26 de fevereiro de 2013
Política e democracia
Cláudio Carvalho, psicanalista, professor de história e filosofia, publicou o artigo "Política e democracia" no jornal A Tarde:
Política e democracia
Com o fim do poder político-teológico, o mundo ocidental
inclinou-se na direção de novas formas de organização social e política não
mais baseadas numa verticalidade do poder, mas, sim, na horizontalidade
política.
Se para o mundo pré-moderno os laços de sangue e o lugar
de nascimento cimentavam a ordem social, com o advento da modernidade, a
liberdade individual e a passagem de súdito a cidadão promoveram um empuxo à participação
dos indivíduos na atividade política da polis.
Democracia foi a palavra a condensar os anseios por uma
maior participação dos indivíduos nas decisões coletivas antes as questões
sociais emergentes em mundo mais complexo.

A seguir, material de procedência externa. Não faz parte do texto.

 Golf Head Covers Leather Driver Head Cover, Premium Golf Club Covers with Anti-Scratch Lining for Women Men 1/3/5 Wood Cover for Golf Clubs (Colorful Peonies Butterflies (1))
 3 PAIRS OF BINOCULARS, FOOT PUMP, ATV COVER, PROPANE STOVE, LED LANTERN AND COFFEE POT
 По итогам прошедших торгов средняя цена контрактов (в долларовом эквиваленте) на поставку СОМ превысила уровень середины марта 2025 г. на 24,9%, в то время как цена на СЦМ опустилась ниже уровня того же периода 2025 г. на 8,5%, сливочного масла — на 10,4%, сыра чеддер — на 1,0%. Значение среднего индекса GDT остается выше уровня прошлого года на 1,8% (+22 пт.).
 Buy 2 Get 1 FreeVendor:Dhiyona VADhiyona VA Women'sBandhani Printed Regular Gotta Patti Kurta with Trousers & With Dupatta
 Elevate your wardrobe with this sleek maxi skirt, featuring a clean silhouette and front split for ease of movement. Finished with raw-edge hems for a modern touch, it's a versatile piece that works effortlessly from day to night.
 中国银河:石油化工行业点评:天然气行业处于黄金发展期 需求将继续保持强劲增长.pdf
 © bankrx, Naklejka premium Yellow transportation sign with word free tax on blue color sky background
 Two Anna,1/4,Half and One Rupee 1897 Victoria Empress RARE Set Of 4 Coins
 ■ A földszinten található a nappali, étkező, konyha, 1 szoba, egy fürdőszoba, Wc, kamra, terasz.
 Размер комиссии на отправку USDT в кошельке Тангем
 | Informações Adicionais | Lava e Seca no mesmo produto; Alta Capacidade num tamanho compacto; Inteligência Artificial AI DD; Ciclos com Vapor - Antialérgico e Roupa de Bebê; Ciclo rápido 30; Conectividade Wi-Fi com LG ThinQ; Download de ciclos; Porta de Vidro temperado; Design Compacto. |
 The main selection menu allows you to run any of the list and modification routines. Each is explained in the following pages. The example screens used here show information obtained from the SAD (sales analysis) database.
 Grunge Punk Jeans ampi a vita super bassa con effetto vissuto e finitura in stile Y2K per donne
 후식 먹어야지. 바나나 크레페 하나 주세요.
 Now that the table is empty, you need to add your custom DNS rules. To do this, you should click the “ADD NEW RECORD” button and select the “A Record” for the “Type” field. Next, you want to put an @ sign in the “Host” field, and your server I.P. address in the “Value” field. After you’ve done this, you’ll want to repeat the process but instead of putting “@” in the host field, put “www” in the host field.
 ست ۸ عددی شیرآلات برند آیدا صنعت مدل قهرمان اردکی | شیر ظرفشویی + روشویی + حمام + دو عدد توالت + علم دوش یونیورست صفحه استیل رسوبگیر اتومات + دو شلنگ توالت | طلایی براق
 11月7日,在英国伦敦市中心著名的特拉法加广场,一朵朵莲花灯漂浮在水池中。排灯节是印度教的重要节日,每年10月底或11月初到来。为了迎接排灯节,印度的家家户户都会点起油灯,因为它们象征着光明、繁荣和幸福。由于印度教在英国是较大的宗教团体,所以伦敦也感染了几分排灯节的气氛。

A erosão do poder piramidal aumentou
a responsabilidade e a angústia dos sujeitos confrontados a cada manhã com
questões antes adormecidas pela transferência de um suposto
saber a um poder transcendente, encarnado na figura do rei ou do papa, a ocupar
esse lugar de exceção no exercício do poder soberano.
Essa dispersão do poder teve início com a modernidade e
continua em curso em nossa época, num movimento descontínuo, a nos interrogar.
Se nos desembaraçamos do poder soberano, fundamentado na
ficção político-teológica, não podemos nos desvencilhar desse espaço terceiro,
a casa vazia, do lugar de exceção.
Mas a quem cabe, hoje, habitar este vazio?
Como podemos reconhecer a legitimidade do poder numa
sociedade configurada em rede, horizontalmente e assentada sob o princípio da
igualdade?
Penso que essa resposta só pode estar do lado do
exercício da política e do trabalho infinito de aprofundamento e consolidação
da democracia – única forma de governo a levar em consideração o lugar de exceção como vazio, não
pertencente a ninguém em particular, por estar sujeito à renovação periódica
através do confronto de idéias e projetos assumidos na cena política.
Em tempos onde a pauta monocórdia da corrupção predomina nos
noticiários políticos, onde a proposta de criação de siglas partidárias
anódinas é marcada pela indigência ideológica, urge assumir a política como
caminho para defender e consolidar a democracia.
(Publicado originalmente em A Tarde (26/02/2013) Página A3 – Opinião).